- [PROVIDED MATERIAL]:
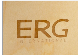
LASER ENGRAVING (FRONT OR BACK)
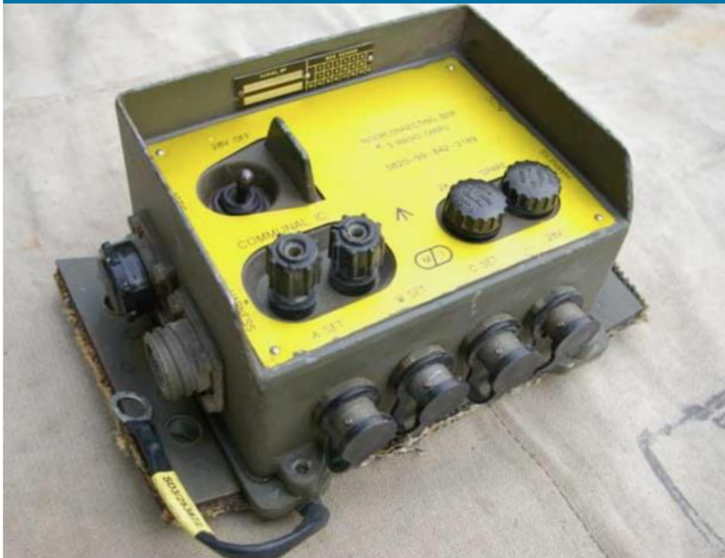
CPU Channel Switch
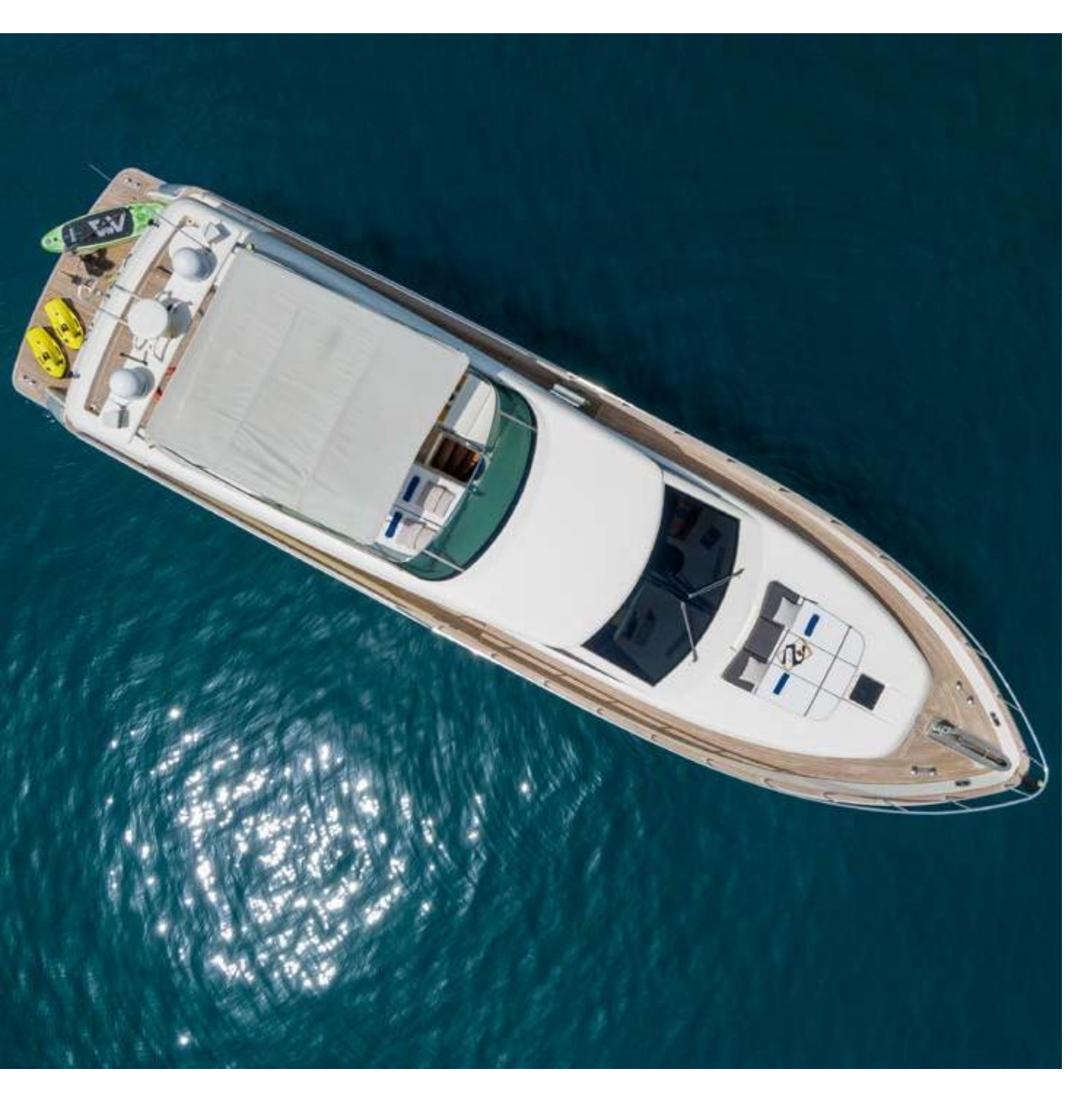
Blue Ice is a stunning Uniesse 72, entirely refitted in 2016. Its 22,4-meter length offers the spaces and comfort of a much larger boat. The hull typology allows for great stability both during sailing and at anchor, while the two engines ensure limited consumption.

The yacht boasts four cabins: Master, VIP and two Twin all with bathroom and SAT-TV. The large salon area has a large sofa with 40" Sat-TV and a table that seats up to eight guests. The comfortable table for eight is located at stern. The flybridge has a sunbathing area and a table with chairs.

- [TASK]: Write the material out again exactly. Do not include the pictures.

- [ANSWER SPACE]:
LASER ENGRAVING (FRONT OR BACK)
CPU Channel Switch
Blue Ice is a stunning Uniesse 72, entirely refitted in 2016. Its 22,4-meter length offers the spaces and comfort of a much larger boat. The hull typology allows for great stability both during sailing and at anchor, while the two engines ensure limited consumption.

The yacht boasts four cabins: Master, VIP and two Twin all with bathroom and SAT-TV. The large salon area has a large sofa with 40" Sat-TV and a table that seats up to eight guests. The comfortable table for eight is located at stern. The flybridge has a sunbathing area and a table with chairs.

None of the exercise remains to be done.